The Island Regulatory and Appeals Commission (IRAC) recently overturned council’s decision to reject an application to rezone a piece of property off Kensington Road for a proposed condominium development.
At its monthly public meeting Monday night, council voted unanimously to ask the provincial government, through the Federation of P.E.I. Municipalities, to amend the Planning Act so that IRAC can only uphold a council decision or return the matter back to council for further consideration.
Over the past 10 years, there have been more than 6,500 permits issued by Charlottetown’s planning department.
In 20 of those cases, the matter was appealed to IRAC. In 10 of those 20 cases, hearings were actually held. In five of those cases, IRAC overruled council’s decision. In the five other cases, the commission upheld council’s decision.
Mayor Clifford Lee says when people elect a council they believe that council is going to make decisions for planning and development.
“To have another body come in and have the authority to (overrule) the elected bodies’ decision, quite frankly, I think is wrong,’’ Lee said following the council meeting.
“I don’t think the legislation should have ever been changed to allow IRAC to have that authority.’’
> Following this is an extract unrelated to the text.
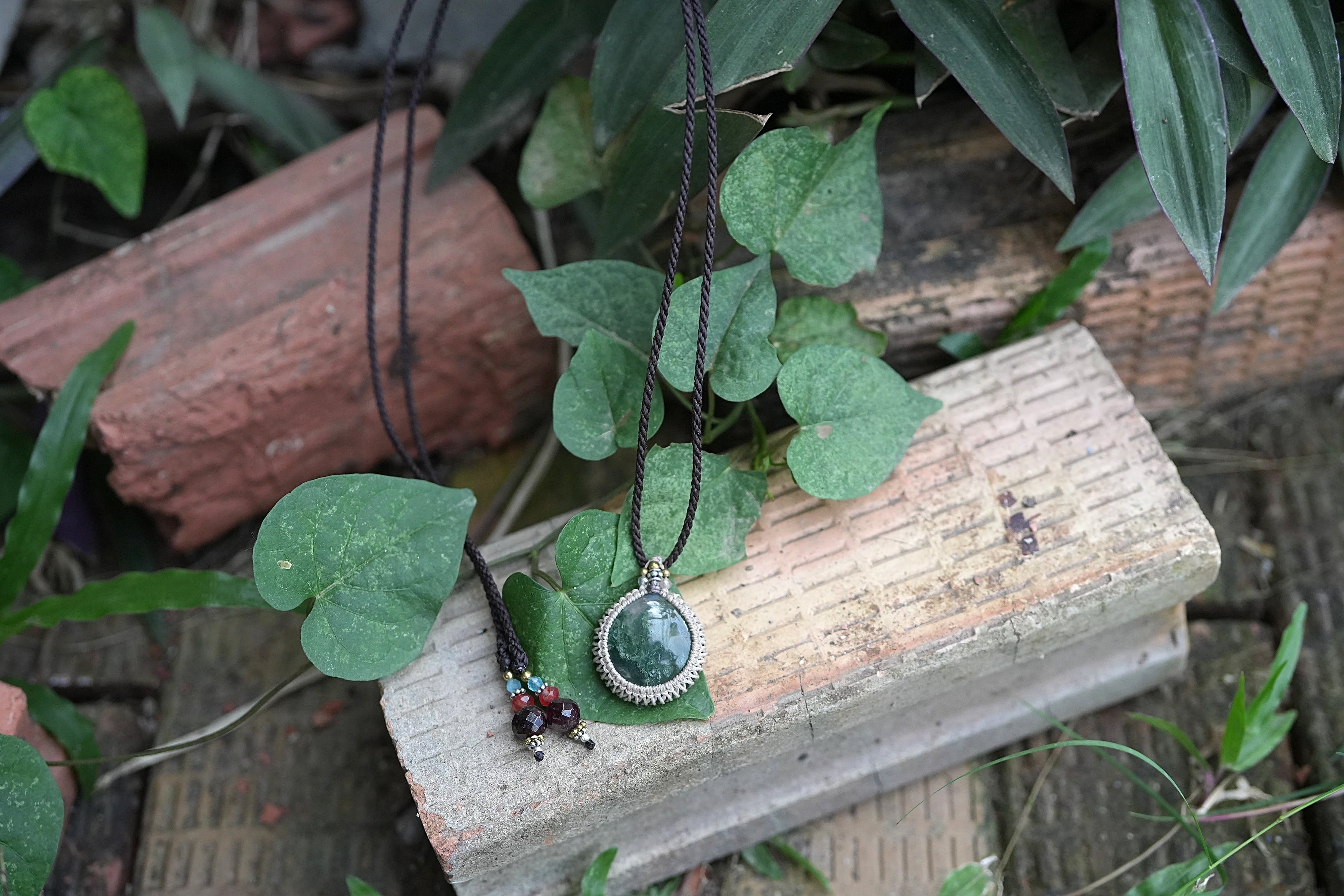 緑のもずく★モスアゲートマクラメネックレス 1904

Lee also serves as chairman of the city’s intergovernmental affairs committee and has already met with the provincial government on the matter.
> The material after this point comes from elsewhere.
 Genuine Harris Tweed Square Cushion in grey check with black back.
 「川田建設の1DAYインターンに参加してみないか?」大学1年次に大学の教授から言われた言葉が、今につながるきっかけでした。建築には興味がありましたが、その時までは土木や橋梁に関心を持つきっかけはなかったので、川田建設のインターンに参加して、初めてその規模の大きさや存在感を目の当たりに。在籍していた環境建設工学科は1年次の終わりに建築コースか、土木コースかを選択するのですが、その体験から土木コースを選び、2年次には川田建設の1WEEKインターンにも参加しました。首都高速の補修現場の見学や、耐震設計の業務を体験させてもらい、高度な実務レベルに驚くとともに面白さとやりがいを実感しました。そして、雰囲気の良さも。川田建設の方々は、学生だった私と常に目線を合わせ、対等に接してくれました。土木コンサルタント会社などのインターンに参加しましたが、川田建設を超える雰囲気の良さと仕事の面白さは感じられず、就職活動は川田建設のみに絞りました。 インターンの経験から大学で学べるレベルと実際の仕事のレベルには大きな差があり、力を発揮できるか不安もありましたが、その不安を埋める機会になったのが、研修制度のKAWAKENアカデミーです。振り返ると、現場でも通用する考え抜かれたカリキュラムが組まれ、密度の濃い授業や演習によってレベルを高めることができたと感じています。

He says it was a good meeting, that the city’s concerns will be taken under advisement but doesn’t expect a quick resolution.
It would, after all, require the legislature to sit and deal with it.
Lee says having to defend its decisions before the commission not only comes with a legal cost to the city but ties up staff.
“Sometimes it holds up development and sometimes it stops development from taking place altogether because, in this instance, this application has been with IRAC for a year and a half before they made the decision. I don’t believe any development should be held up that long, regardless of what the decision is at the end of the day.’’
Lee also dismisses any notion that council should consider that whatever decision is made on a resolution could be overturned by IRAC.
“What I think council needs to do and what council has done an admirable job of has been . . . basing decisions on the feedback council receives from the community. (Councillors) listen to the people who live in the community.
“That’s who I am responsible to and that’s who members of council are responsible to. We’re the ones who have to go out there and get elected . . . the body that is accountable to the citizens of Charlottetown.’’
Coun. Terry Bernard speaks during the monthly meeting of Charlottetown City Council Monday. Bernard is vice-chair of the intergovernmental affairs committee that introduced a motion to have the province limit the power of the Island Regulatory and Appeal Commission to overturn council decisions.